**Data excerpts**
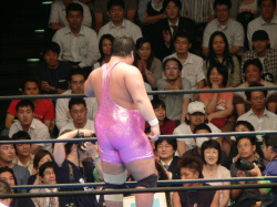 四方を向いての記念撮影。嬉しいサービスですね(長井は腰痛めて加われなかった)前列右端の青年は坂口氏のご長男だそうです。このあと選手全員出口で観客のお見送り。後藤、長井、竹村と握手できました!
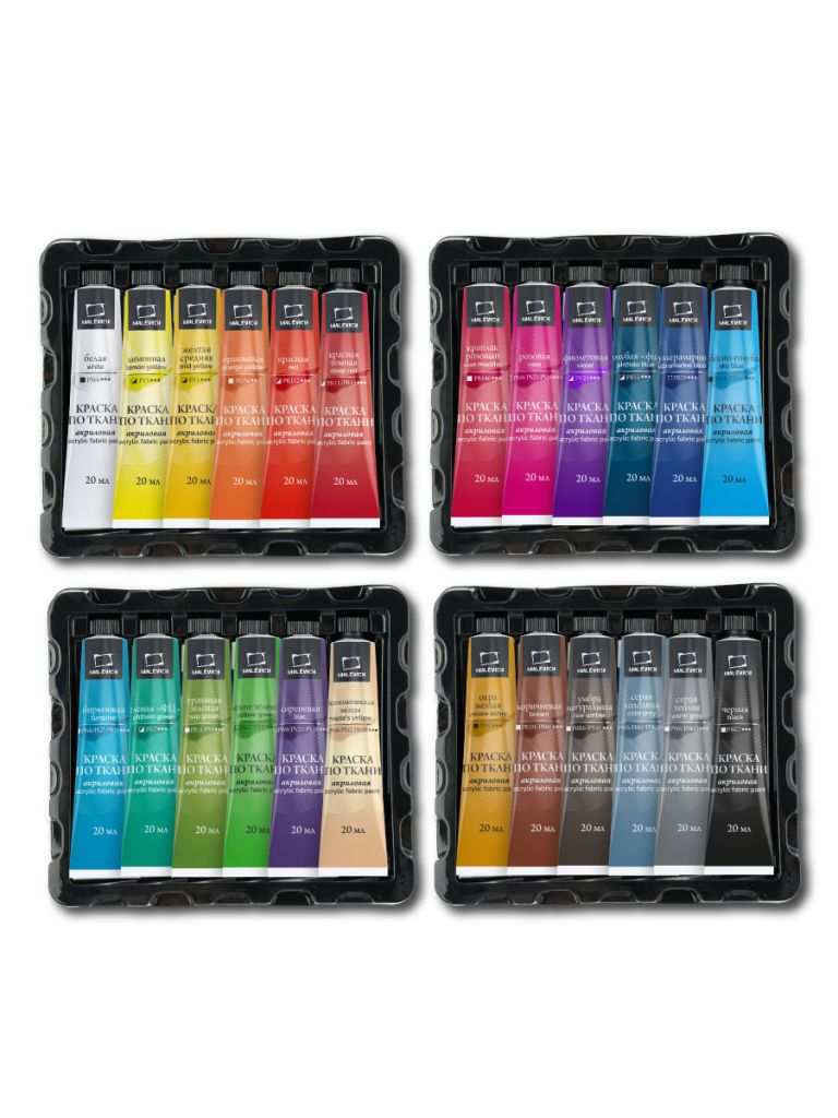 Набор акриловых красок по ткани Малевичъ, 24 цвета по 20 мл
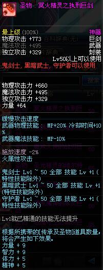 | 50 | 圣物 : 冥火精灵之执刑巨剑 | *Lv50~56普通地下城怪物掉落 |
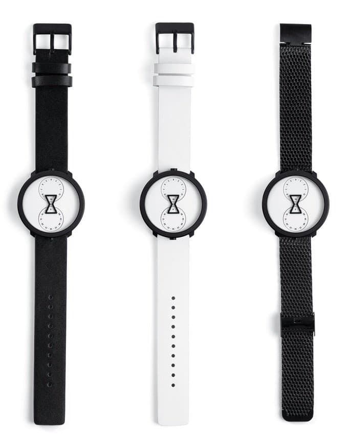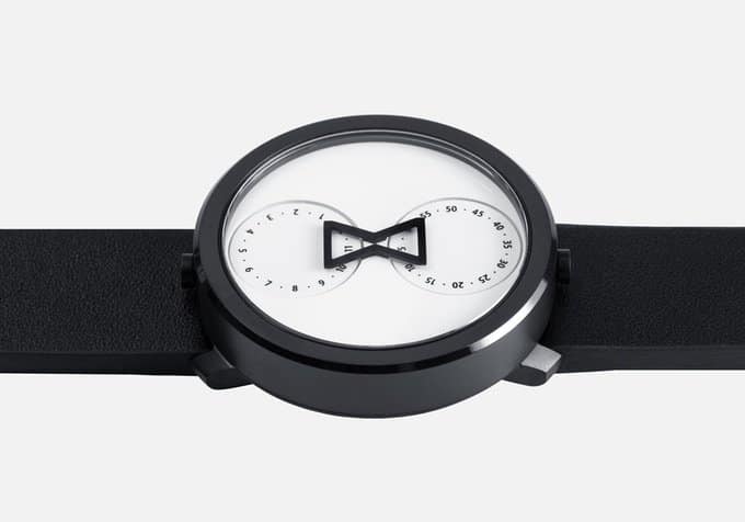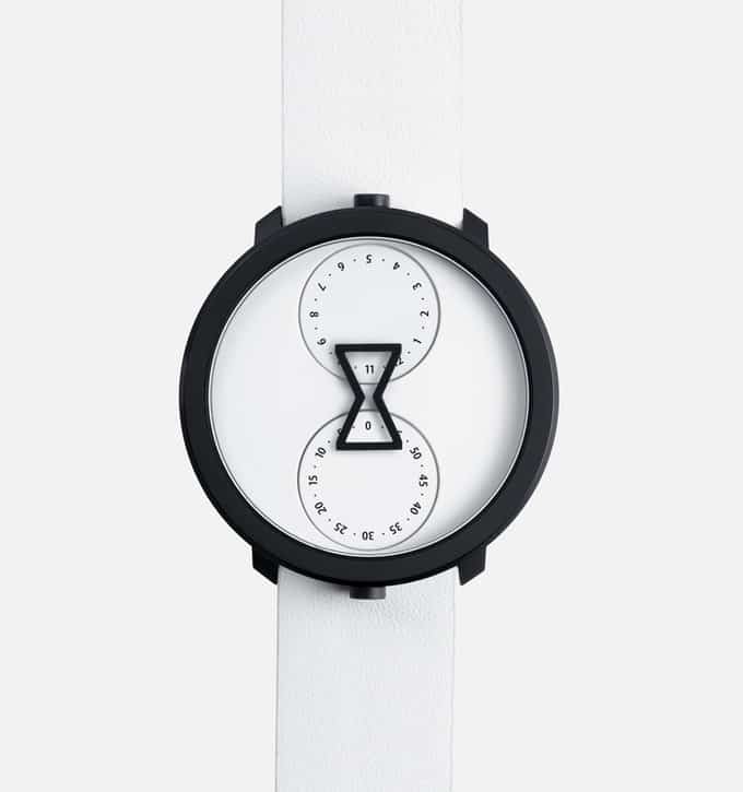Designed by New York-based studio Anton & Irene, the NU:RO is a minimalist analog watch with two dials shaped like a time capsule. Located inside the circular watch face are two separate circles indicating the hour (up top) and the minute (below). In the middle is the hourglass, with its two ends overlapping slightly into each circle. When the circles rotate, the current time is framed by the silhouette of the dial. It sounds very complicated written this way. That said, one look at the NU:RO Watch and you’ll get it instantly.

...

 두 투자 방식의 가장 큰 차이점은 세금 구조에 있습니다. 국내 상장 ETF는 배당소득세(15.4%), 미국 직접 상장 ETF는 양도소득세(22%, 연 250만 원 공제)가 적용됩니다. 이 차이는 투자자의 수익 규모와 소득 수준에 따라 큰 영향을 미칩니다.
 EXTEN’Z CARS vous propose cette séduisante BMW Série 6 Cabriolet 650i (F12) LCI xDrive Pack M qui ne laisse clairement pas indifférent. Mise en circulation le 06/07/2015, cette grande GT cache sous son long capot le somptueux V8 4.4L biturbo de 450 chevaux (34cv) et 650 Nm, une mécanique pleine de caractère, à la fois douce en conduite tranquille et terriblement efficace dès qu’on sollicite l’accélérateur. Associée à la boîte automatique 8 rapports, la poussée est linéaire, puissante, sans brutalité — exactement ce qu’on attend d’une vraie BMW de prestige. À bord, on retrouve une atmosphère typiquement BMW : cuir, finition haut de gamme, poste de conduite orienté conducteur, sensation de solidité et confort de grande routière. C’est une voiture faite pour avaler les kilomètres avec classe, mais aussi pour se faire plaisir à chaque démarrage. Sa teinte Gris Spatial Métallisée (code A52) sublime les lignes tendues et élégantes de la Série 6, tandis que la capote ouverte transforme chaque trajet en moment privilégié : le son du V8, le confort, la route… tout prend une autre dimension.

---

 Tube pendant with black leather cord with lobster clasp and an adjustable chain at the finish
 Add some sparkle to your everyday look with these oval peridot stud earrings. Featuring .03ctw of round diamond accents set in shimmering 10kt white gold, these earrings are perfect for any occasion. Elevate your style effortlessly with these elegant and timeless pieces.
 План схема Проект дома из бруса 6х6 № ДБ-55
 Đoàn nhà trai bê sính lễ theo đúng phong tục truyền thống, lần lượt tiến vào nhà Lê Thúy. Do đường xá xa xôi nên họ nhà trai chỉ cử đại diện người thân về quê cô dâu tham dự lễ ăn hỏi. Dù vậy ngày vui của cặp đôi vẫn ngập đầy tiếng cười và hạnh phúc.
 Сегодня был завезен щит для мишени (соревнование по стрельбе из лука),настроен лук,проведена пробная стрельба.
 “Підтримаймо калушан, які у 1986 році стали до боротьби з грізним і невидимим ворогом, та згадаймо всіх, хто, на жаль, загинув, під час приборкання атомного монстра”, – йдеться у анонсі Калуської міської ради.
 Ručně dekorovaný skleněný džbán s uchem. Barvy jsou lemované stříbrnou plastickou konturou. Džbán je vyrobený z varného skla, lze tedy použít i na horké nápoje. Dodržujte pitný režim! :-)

**Directions**
Of the lines above, output exactly those from the line bearing "Сегодня был завезен" through the line bearing "Ručně dekorovaný skleněný", inclusive.

**Result**
 Сегодня был завезен щит для мишени (соревнование по стрельбе из лука),настроен лук,проведена пробная стрельба.
 “Підтримаймо калушан, які у 1986 році стали до боротьби з грізним і невидимим ворогом, та згадаймо всіх, хто, на жаль, загинув, під час приборкання атомного монстра”, – йдеться у анонсі Калуської міської ради.
 Ručně dekorovaný skleněný džbán s uchem. Barvy jsou lemované stříbrnou plastickou konturou. Džbán je vyrobený z varného skla, lze tedy použít i na horké nápoje. Dodržujte pitný režim! :-)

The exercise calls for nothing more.